The entries below contain pictures. Write out only the lines from the line with "På en skrånende" up to and including the line with "Stand with multiple", exactly, without them.

INPUT FOR THIS TASK —

[Start of Attachment]

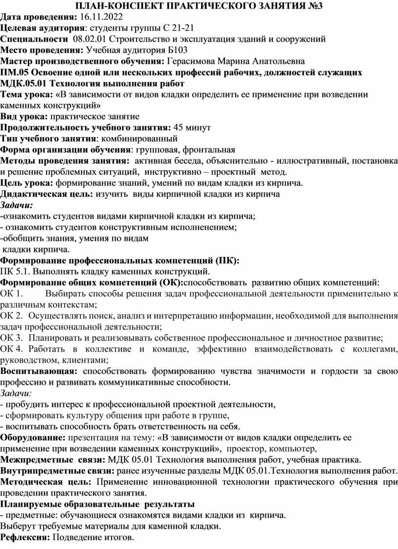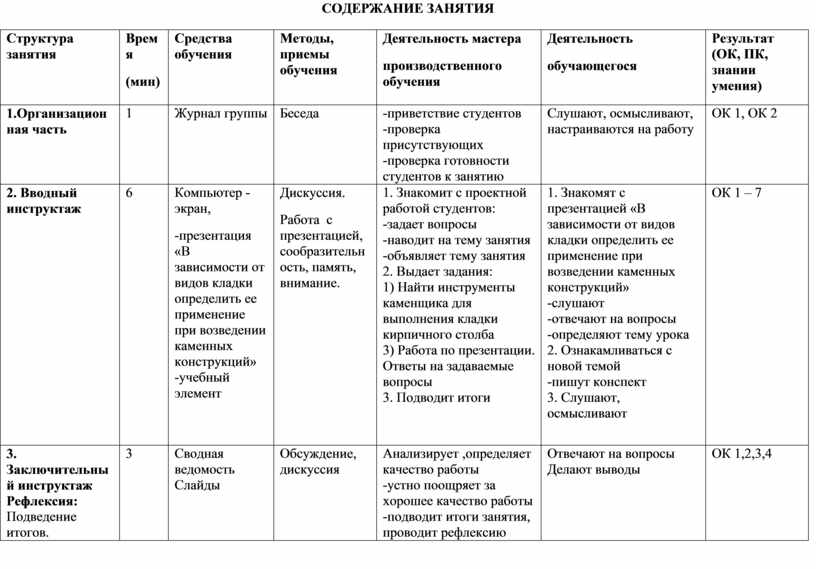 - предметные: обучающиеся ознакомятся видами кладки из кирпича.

[End of Attachment]
[Start of Attachment]

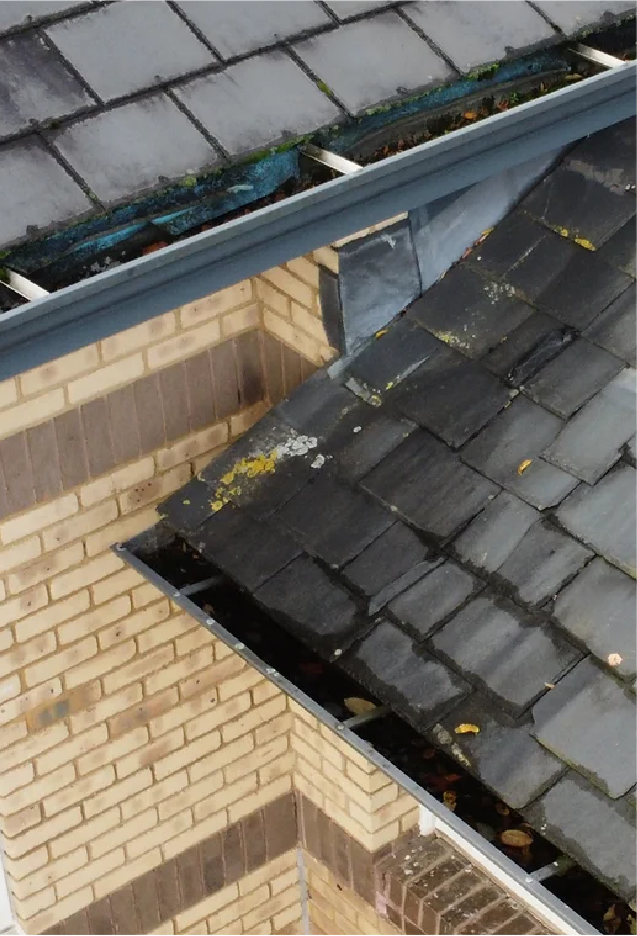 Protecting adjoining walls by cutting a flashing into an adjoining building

[End of Attachment]
[Start of Attachment]

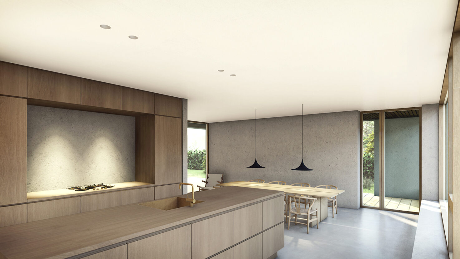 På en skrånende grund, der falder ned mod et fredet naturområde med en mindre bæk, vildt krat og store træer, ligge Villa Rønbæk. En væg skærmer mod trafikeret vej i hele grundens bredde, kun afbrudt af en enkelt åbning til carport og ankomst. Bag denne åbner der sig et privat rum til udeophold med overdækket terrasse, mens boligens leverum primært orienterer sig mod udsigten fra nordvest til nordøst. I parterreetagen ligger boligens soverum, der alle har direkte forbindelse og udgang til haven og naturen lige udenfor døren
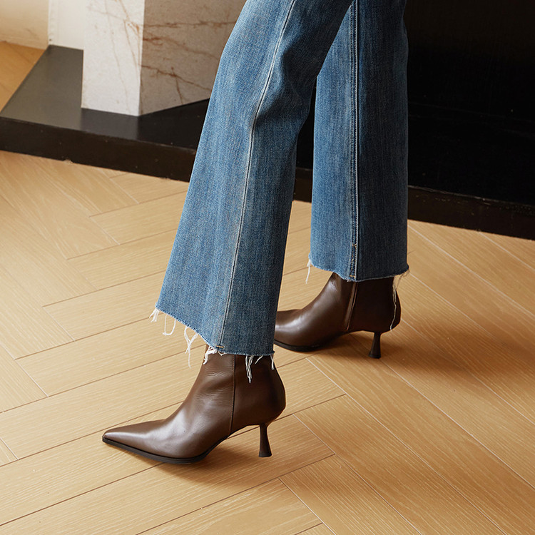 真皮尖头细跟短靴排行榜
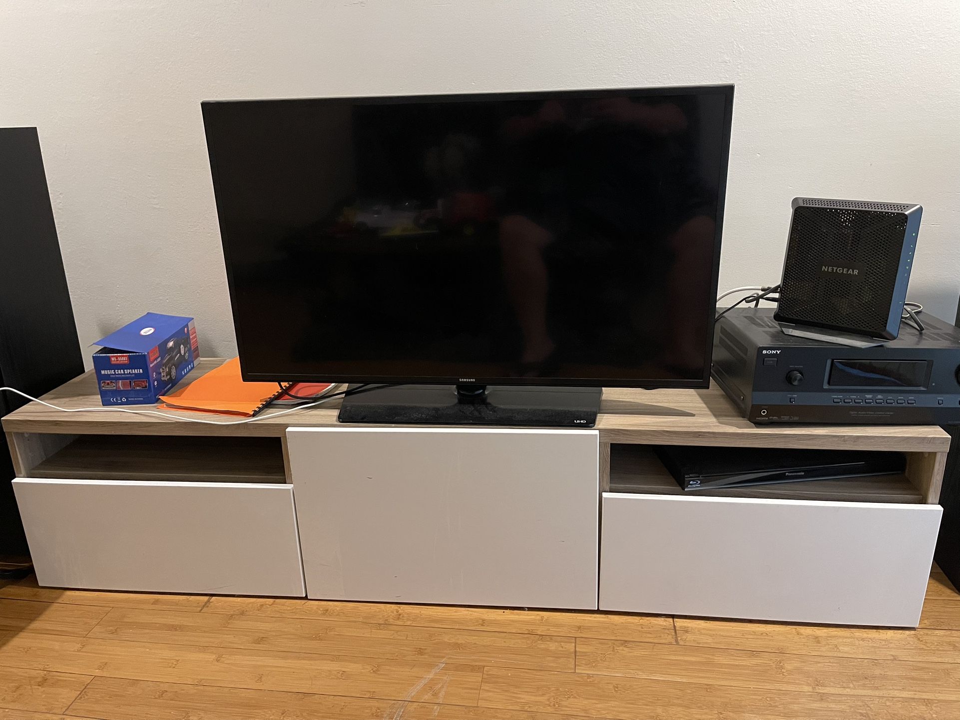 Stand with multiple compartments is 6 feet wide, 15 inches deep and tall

[End of Attachment]

TASK SOLUTION —
 På en skrånende grund, der falder ned mod et fredet naturområde med en mindre bæk, vildt krat og store træer, ligge Villa Rønbæk. En væg skærmer mod trafikeret vej i hele grundens bredde, kun afbrudt af en enkelt åbning til carport og ankomst. Bag denne åbner der sig et privat rum til udeophold med overdækket terrasse, mens boligens leverum primært orienterer sig mod udsigten fra nordvest til nordøst. I parterreetagen ligger boligens soverum, der alle har direkte forbindelse og udgang til haven og naturen lige udenfor døren
 真皮尖头细跟短靴排行榜
 Stand with multiple compartments is 6 feet wide, 15 inches deep and tall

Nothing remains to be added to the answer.